Every record below should be transcribed exactly. Omit the images.
*** INPUT ***
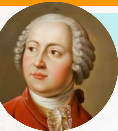
Михаил Васильевич — великий учёный Ломоносов
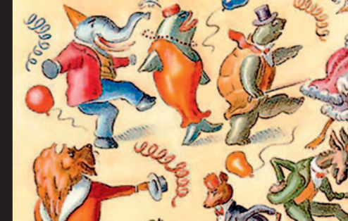
Dyrenes Karneval af Camille Saint-Saëns, søndag 29. januar
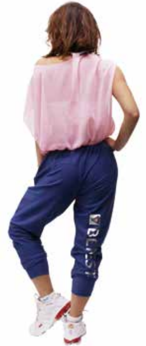
model 154cm wear size M
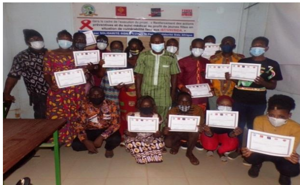
Formation des acteur.trices en counseling du VIH et l'index testing dans le cadre du projet soutenu par Solidarité Sida via le fonds Solidarité Sida Afrique.

La troisième formation a été organisée dans le cadre de la mise en œuvre du projet soutenu par Solidarité Sida. Il s'est agi de renforcer les capacités des animatrices et des leaders des bénéficiaires sur le counseling du VIH et l'index testing. La quatrième formation a été réalisée dans le cadre de la mise en œuvre du plan d'action de lutte contre le Sida, soutenu par le SP/CNLS-IST. Cette formation s'est tenue à Ouagadougou et elle a porté sur la Réduction des Risques liés à l'usage des drogues.
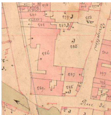
Extrait de l'Atlas parcellaire (1836) du cadastre de la commune de Scey-sur-Saône-et-Saint-Albin.
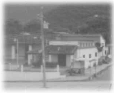
Una biblioteca municipal.
***
◆ ANSWER TO THIS PROBLEM
Михаил Васильевич — великий учёный Ломоносов
Dyrenes Karneval af Camille Saint-Saëns, søndag 29. januar
model 154cm wear size M
Formation des acteur.trices en counseling du VIH et l'index testing dans le cadre du projet soutenu par Solidarité Sida via le fonds Solidarité Sida Afrique.

La troisième formation a été organisée dans le cadre de la mise en œuvre du projet soutenu par Solidarité Sida. Il s'est agi de renforcer les capacités des animatrices et des leaders des bénéficiaires sur le counseling du VIH et l'index testing. La quatrième formation a été réalisée dans le cadre de la mise en œuvre du plan d'action de lutte contre le Sida, soutenu par le SP/CNLS-IST. Cette formation s'est tenue à Ouagadougou et elle a porté sur la Réduction des Risques liés à l'usage des drogues.
Extrait de l'Atlas parcellaire (1836) du cadastre de la commune de Scey-sur-Saône-et-Saint-Albin.
Una biblioteca municipal.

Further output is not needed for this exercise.